Is that what you’re saying in reference to my swollen psyche?”

  “Not swollen. Many-layered. But each persona will be delicate and so requires a feather touch. That is, until the very core is exposed. Then a more vigorous but still cautious manipulation is demanded. Often, the patient suffers agonies. Of an emotional nature, of course. The child in us cries out and fears a beating even if none threatens.”

  Duncan did not reply. He was galvanized, though he did not move a muscle. A spark, such as that shooting off from two naked electrical lines touching, a brief flash, white, blue-edged, had swelled in his mind. Swelled? Swollen abdomen? Swollen psyche? The light had faded, but not before he saw the face of a child, ten years old or thereabouts, grinning at him while tears ran down its cheeks.

  He sobbed, and he started to speak to Carebara but thought better of it. He did not want Carebara to know of this.

  In ancient times, when criminals were hanged, they must have felt the shock of certainty and the not-to-be-sidestepped when the trap door dropped. That face. It was his. That, however, was not what had made his mind jump and hop as if it had stepped on a floor laid with hot wires. It was the realization that that child was not Jeff Caird. It was he, Duncan, and also Caird, but only in that it inhabited the same body.

  Jefferson Cervantes Caird, whom he had thought was the original persona, was the original creation. He was the first to be conceived in the mind of the child, nourished in the womb of his imagination, brought forth as J. C. Caird. Thus, the child was the first of eight, not seven, separate psyches. Beewolf, of course, did not count.

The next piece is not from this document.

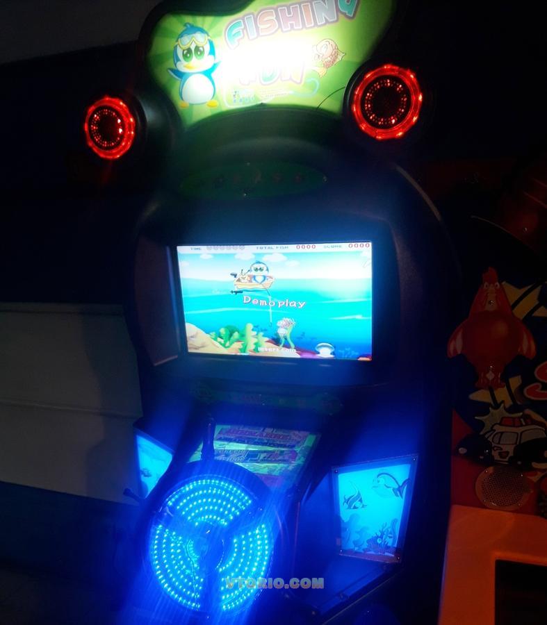 В продаже редемпшен Fishing Fun. Детский игровой аппарат с выдачей призовых тикетов (билетиков). Необходимо с помощью штурвала управлять крючком и ловить рыбок. Аппарат имеет яркий привлекающий внимание экран, звуковые спецэффекты и современный дизайн. Так же другие симулятоы. Прайс по запросу.

  “I said something?” Carebara said.

  “That’s twice today,” Snick said. Though she had seemed impatient and bored, she must have been watching him closely.

  “A flash of something. Gone. I can’t even describe it.”

  Carebara rose. “I’ll see you after lunch, say, two o’clock. We will start on Duncan then.”

  He started to walk away but stopped and turned back. “You’re not lying to me, are you? Beewolf is really just a role?”